By contrast, Courts of Appeals in the Fifth, Eighth, and Ninth
Circuits, as well as district courts in the Third and Seventh Circuits,
have indicated that it does not.\1\ See United States v. CITGO
Petroleum Corp., 801 F.3d 477 (5th Cir. 2015); Newton County Wildlife
Ass'n v. U.S. Forest Serv., 113 F.3d 110 (8th Cir. 1997); Seattle
Audubon Soc'y v. Evans, 952 F.2d 297 (9th Cir. 1991); Mahler v. U.S.
Forest Serv., 927 F. Supp. 1559 (S.D. Ind. 1996); Curry v. U.S. Forest
Serv., 988 F. Supp. 541, 549 (W.D. Pa. 1997).

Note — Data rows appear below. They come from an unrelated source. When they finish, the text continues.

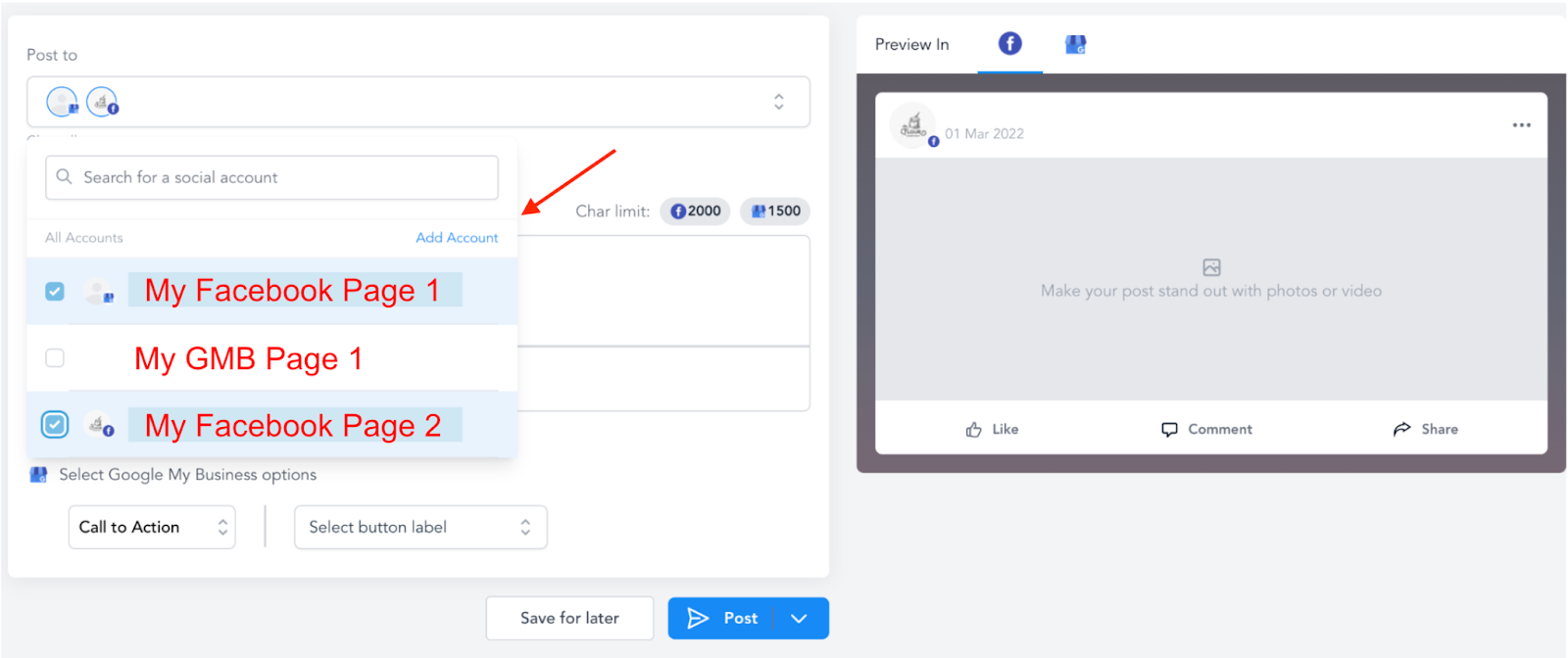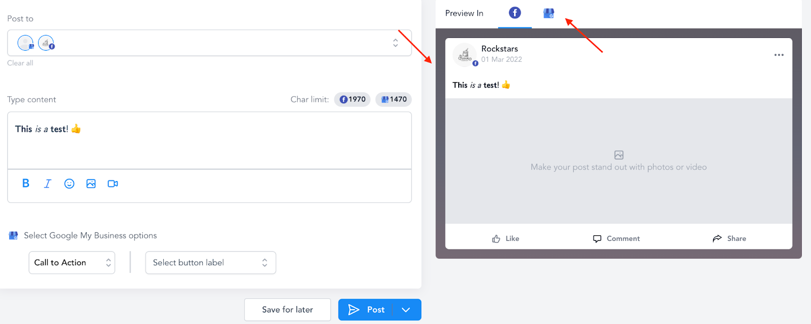 - If you are posting to more than one social media platform (i.e. Facebook and Google My Business, you can toggle between previews at the top.)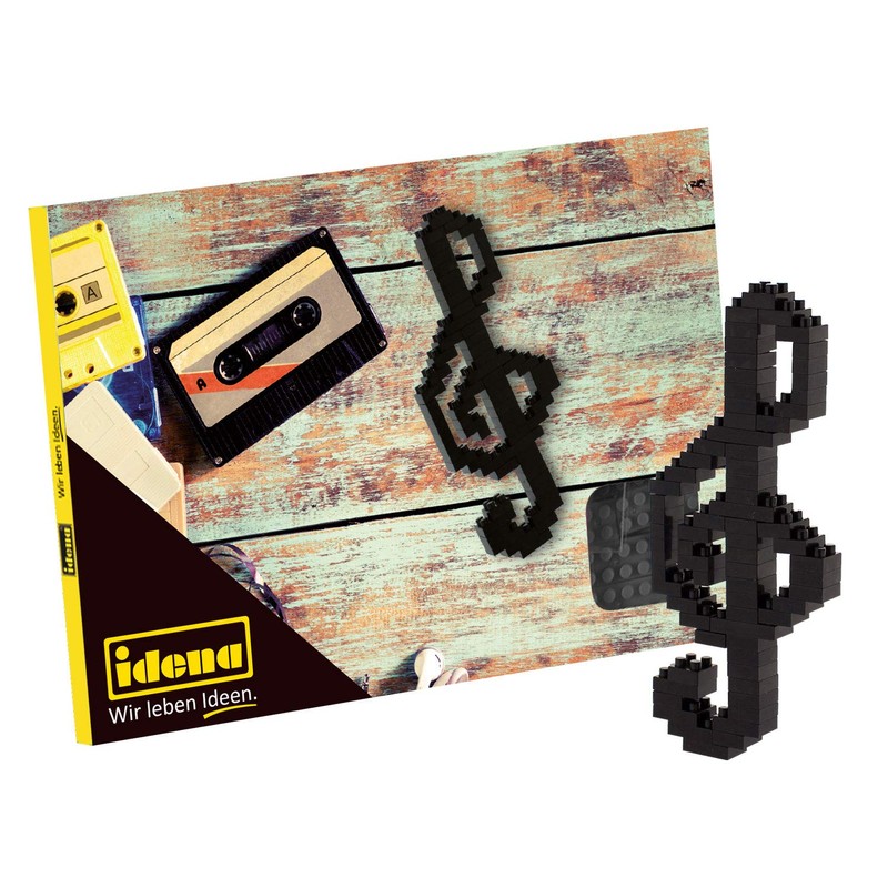 Idena 40143 - Postkarte Notenschlüssel mit einem 3D Modellbauset mit 70 Original Brixies Minibausteinen, Schwierigkeitsgrad 1, Grußkarte oder Mitbringsel für Kinder und Erwachsene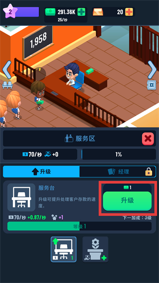 3、进入服务区界面,点击绿色【升级】按钮,提升服务台等级,加快存款处理速度。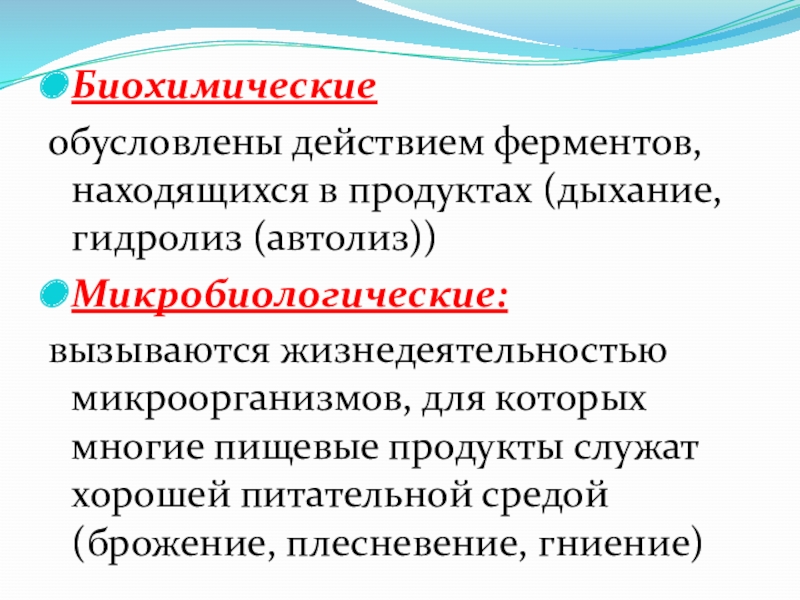 обусловлены действием ферментов, находящихся в продуктах (дыхание, гидролиз (автолиз))

---------------------------------------------------------------------------
\1\ The Court of Appeals for the Ninth Circuit distinguished,
without explicitly overturning, an earlier district-court decision
concerning incidental take.
---------------------------------------------------------------------------
As a result of these cases, the Federal Government is clearly
prohibited from enforcing an incidental take prohibition in the Fifth
Circuit. In the Eighth Circuit, the Federal Government has previously
sought to distinguish court of appeals rulings limiting the scope of
the MBTA to the habitat-destruction context. See generally Apollo
Energies, 611 F.3d at 686 (distinguishing the Eighth Circuit decision
in Newton County on the grounds that it involved logging that modified
a bird's habitat in some way). However, that argument was rejected by a
subsequent district court. See United States v. Brigham Oil & Gas,
L.P., 840 F. Supp. 2d 1202 (D.N.D. 2012). Likewise, the Federal
Government has sought to distinguish holdings in the habitat-
destruction context in the Ninth Circuit. See United States v. Moon
Lake Electrical Ass'n, 45 F. Supp. 2d 1070, 1075-76 (D. Colo. 1999)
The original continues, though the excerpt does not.